### THE PROBLEM
Each line of the data below containing "area" needs to be listed.

### DATASET EXCERPTS
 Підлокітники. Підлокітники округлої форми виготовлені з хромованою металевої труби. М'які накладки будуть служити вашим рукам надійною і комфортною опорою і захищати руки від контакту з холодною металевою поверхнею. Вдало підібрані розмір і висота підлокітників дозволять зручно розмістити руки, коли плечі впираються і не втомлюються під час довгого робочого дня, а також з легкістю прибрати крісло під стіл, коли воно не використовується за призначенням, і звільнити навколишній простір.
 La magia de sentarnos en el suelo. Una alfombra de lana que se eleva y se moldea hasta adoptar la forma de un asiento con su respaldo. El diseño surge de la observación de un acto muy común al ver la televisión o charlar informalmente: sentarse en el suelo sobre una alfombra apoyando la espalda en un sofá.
* * *
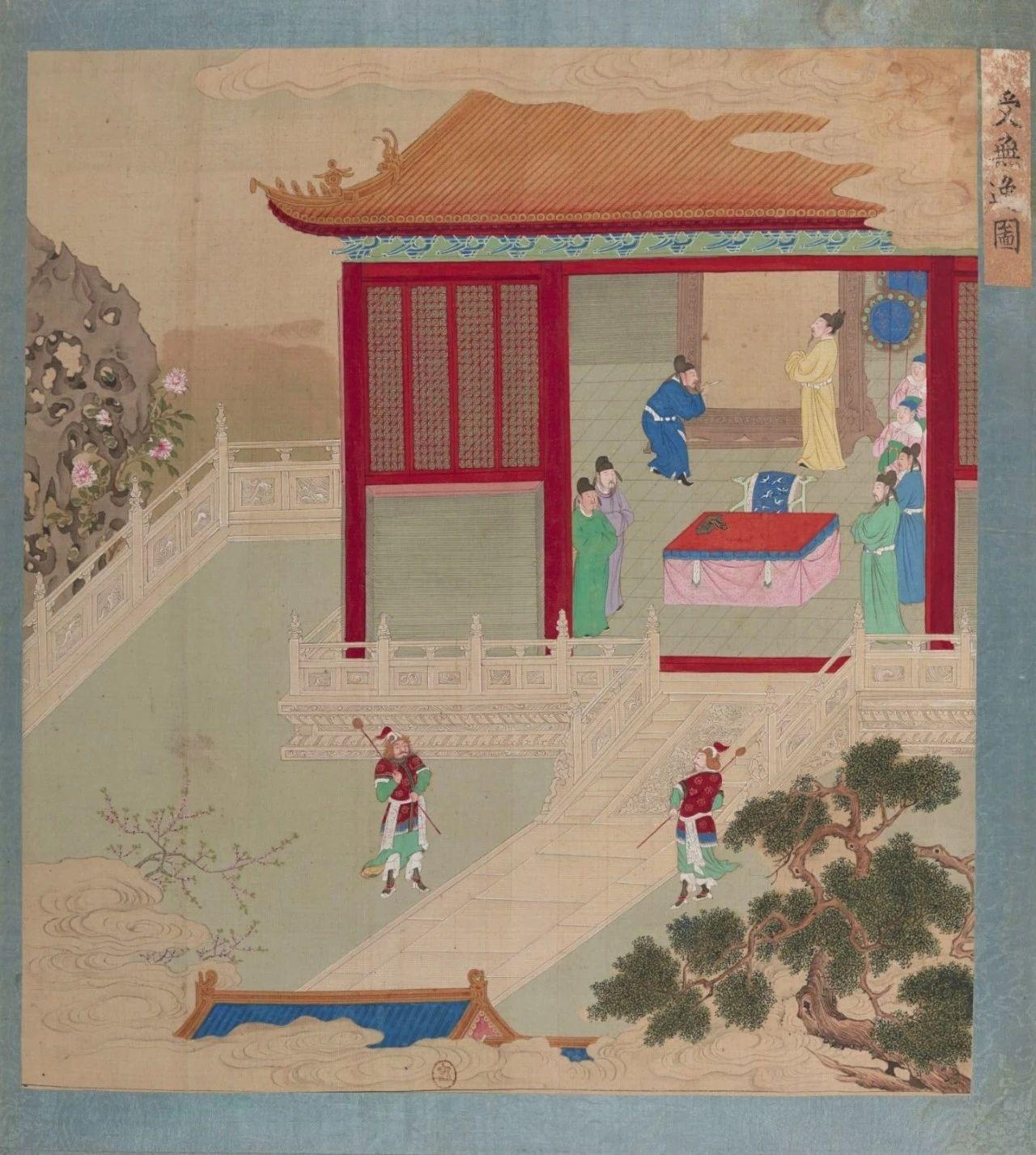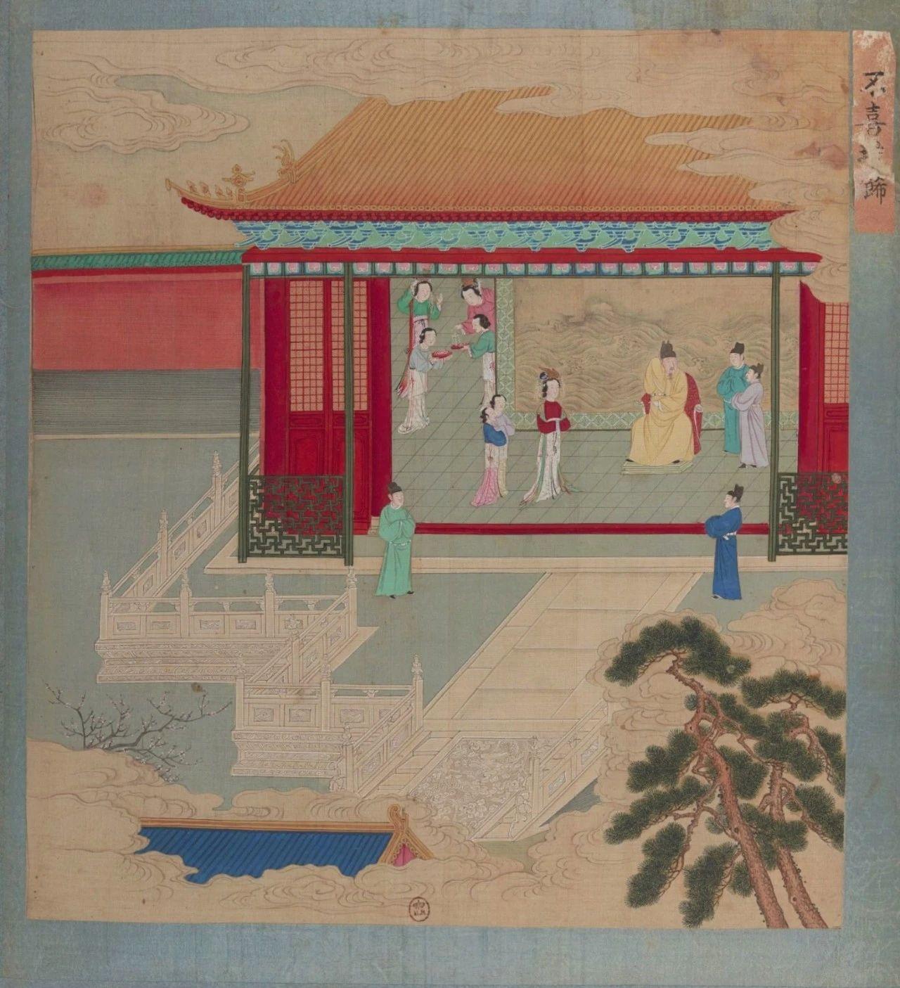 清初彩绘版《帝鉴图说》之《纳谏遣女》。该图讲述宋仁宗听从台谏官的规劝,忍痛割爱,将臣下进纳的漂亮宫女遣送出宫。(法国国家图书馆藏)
==
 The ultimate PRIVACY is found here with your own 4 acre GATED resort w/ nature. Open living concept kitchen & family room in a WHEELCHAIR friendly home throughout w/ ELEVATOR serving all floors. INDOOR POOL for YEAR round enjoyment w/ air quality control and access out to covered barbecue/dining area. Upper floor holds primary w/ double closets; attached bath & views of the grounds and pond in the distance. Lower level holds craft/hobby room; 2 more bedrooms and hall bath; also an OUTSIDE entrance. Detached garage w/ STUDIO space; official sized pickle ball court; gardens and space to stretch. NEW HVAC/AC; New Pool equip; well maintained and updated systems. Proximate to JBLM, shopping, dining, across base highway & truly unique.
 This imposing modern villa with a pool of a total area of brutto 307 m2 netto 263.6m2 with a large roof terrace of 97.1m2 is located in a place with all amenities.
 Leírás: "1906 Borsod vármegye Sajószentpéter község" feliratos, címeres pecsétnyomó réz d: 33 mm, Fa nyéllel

### SOLUTION FOR THIS PROBLEM
 The ultimate PRIVACY is found here with your own 4 acre GATED resort w/ nature. Open living concept kitchen & family room in a WHEELCHAIR friendly home throughout w/ ELEVATOR serving all floors. INDOOR POOL for YEAR round enjoyment w/ air quality control and access out to covered barbecue/dining area. Upper floor holds primary w/ double closets; attached bath & views of the grounds and pond in the distance. Lower level holds craft/hobby room; 2 more bedrooms and hall bath; also an OUTSIDE entrance. Detached garage w/ STUDIO space; official sized pickle ball court; gardens and space to stretch. NEW HVAC/AC; New Pool equip; well maintained and updated systems. Proximate to JBLM, shopping, dining, across base highway & truly unique.
 This imposing modern villa with a pool of a total area of brutto 307 m2 netto 263.6m2 with a large roof terrace of 97.1m2 is located in a place with all amenities.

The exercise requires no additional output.